Edit: actually I do have one other thing to say. It's quite a coincidence that the conditions you laid out happen to be those that were met in the US right about the time that book came out. Feels like it might have been working backwards from the conclusion.


> Obviously the first.

The more usual perspective would be that they're both bad.


Only in certain fucked up moral systems. Though I guess Confucianism would be one of those:

>The Duke of She said to Confucius, “Among my people there is one we call ‘Upright Gong.’ When his father stole a sheep, he reported him to the authorities.”

>Confucius replied, “Among my people, those who we consider ‘upright’ are different from this: fathers cover up for their sons, and sons cover up for their fathers. ‘Uprightness’ is to be found in this.”

-from the Confucian Analects


The stats beg to differ. ⅓ admitted to cheating. Cheating was rampant at my uni and we also had an “honor code”

Bad argument. All countries have laws yet criminality rates varies a lot from country to country. It’s all about the culture.

"Culture" works by having a system that collectively punishes cheaters, so that people learn from their own (or others') experiences and internalize that cheating is bad and won't pay off in the long term.

That's how you get a culture against cheating. You ensure that cheating doesn't pay, and eventually people learn that cheating doesn't pay. The enforcement is part of the culture.


The accuracy of measuring criminality also varies, yet you seem to take it at face value that those stats are accurate.

O and one person’s anecdote is better? I’ll take the stat if we’re wagering (500 Princeton seniors).

El Salvadorians (from The country) would starkly disagree with you. It took a dictator and a martial state (no human rights) to end maras in less than five years. The culture is the same.

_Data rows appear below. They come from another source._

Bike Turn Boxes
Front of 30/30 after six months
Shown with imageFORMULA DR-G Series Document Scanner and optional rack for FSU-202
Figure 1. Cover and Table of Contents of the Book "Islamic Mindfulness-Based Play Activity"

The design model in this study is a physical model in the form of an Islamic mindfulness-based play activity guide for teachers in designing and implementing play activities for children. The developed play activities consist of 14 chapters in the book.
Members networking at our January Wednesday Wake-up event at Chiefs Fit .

They just replaced the street gangs with a single state operated gang. El Salvadorians still have to live in fear for their lives, but it will be the government coming for them.

> El Salvadorians

Salvadorans.


recent stats.

Ok what do the old ones say?

much lower

Yeah show me

I wasn't at Princeton, but I remember blatant cheating going on and 'study groups' in CS classes that were mere passing around of completed code. (1997-2001)

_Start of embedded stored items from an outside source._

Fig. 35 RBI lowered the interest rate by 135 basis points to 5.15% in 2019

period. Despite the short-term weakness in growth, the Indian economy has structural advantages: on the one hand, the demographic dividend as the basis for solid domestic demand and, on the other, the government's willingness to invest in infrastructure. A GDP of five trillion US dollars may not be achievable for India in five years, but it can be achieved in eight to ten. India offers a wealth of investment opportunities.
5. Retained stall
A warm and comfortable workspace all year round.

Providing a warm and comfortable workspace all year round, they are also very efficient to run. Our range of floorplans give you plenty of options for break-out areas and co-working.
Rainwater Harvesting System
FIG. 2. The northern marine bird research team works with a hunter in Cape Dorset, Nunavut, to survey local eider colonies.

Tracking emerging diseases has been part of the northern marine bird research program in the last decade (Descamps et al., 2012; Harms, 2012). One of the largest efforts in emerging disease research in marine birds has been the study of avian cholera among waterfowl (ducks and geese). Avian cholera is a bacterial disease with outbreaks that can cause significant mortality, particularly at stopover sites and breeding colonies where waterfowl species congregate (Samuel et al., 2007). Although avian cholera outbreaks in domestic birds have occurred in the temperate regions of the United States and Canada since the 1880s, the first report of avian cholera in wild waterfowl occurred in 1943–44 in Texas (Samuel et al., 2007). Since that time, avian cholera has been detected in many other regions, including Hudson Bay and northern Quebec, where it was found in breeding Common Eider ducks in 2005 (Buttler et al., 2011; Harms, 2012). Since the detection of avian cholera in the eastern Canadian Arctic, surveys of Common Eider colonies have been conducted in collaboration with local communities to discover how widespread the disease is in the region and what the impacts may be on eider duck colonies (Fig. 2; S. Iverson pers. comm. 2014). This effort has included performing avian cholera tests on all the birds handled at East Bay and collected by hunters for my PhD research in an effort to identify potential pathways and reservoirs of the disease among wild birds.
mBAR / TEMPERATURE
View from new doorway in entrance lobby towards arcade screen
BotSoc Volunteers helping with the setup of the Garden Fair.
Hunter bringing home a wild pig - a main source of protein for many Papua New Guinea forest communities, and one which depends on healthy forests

I'd asked them what they expected would happen when they tried to get jobs or landed one. Like how do you fake work? They just said all jobs are group-based like their study group. (Keep in mind they were soliciting my code as their group was struggling to find solutions to assignments.)

The answer is a one of them works at a grocery store as a cashier, another one I saw now manages a bagel store (didn't know all of them). A waste of time, money, and effort to get a CS degree then just not be able to use it.

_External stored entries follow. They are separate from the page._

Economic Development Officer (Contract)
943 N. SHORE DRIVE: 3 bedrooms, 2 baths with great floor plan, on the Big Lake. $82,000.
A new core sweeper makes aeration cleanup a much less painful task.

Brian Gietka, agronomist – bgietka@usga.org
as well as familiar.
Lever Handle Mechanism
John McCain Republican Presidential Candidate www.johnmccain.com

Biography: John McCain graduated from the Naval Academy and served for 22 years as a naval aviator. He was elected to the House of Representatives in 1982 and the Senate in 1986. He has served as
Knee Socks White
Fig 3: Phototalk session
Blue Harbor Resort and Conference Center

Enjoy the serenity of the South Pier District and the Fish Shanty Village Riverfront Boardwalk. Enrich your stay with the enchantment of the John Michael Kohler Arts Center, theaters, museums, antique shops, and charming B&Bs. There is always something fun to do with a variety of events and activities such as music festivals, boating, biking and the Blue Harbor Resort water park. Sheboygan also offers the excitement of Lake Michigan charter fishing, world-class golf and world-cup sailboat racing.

Maybe he's happier managing a bagel store rather than dealing with Kubernetes.

Honestly. I do more with my hands and spend more time outside post-degree, post-reality, than I ever did when in school.

the longer i stay, the more i think "amen to that".

...yeah, yeah, greener grass, i know.


When I was at Georgia Tech back around 2002, the freshman Java CS course introduced a brand new and improved cheat detector, and they immediately caught over half of the class for cheating. It was disastrous. The penalty for being caught cheating was so onerous that they simply couldn't do it to the whole class.

To the school's credit, they responded as best they could. They considered each case, interviewed the students, and punished them on a sliding scale based on how much cheating, ranging from a zero on that one assignment up to suspension.

Then, for the next semester, they simply changed the rules. You were now officially allowed to cheat all you wanted on homework, but it now only counted for 5% of your grade. That was REALLY bad for people who weren't doing the homework, but it also sucked for people who were just lousy test takers.


I'd guess this is selection bias and naivete more than anything else.

I went to a school with an honor code and cheating was rampant among the premeds and future Obamas.


And you will think less of the people who go there. 30% cheated!!